AVR assembly - problem with rotation of register after comparison

I'm trying to write some code in assembly but can't get over the problem of using ror,rol instruction after cpi, cp instruction. I got stuck on it for some while and can't find nothing about it. I have some older code when I used cpi then moved into other branch of program, did some instruction and last of them was rotation with no problem. I tried add some instruction before rotation if it change something and it didn't help. My goal is to get in r16 dec values of 254,253,251 etc.. Just rotate the content of register. Instead I'm getting 254,252,248. If i'm not using cp or cpi the problem doesn't occur. I'm a newbie to asm programming so sorry if it's a really dumb question. Code lower is simplification of what I need because I work with user input so half of the code is just there to simulate same function of program.

ldi r16,0b11111111
    ldi r17,0b00000001
    ldi r18,0b00000001
    ldi r20,0b00000000
start:
    cp r18,r17
    breq loop
loop:
    inc r20
    rol r16
    rjmp start

Solution

Your goal is to get the following values:

255 = 0xFF = 11111111
254 = 0xFE = 11111110
253 = 0xFD = 11111101
251 = 0xFB = 11111011

But you use a rol instruction which shift your register by 1 and add the carry. The carry is zero all the time, so you always add a zero.
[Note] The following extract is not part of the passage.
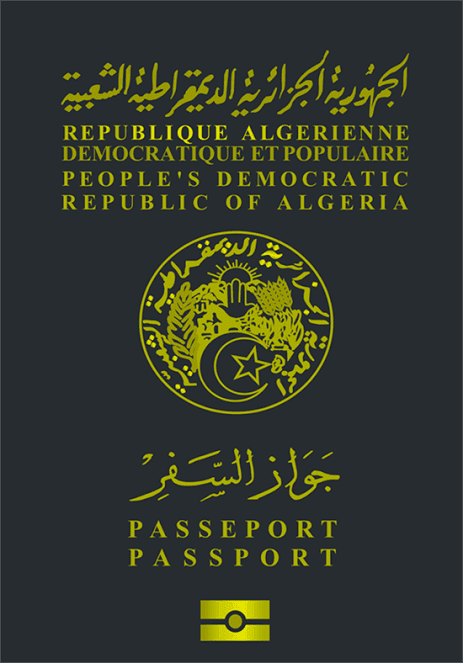 The front cover of the algerian normmal passport

This results in the following values:

255 = 0xFF = 11111111
254 = 0xFE = 11111110
252 = 0xFC = 11111100
248 = 0xF8 = 11111000

The "problem" is, that the cp instruction use the carry bit too, so it will clear the carry bit, because the operation r18 minus r17 doesn´t set the carry (your cp r18, r17). Your code works without the cp because the carry doesn´t get cleared at any time.

One possible solution is to use a cpi before you call your rol:

cpi r16, 255
rol r16

Now your carry will get set when the content of r16 is below 255, (cpi performs the operation r16 - 255). The carry will be used by your rol and you got the correct result. One positive aspect is, that the solution only needs one additional clock per cycle, so it´s a little bit smarter than a branch instruction or something else.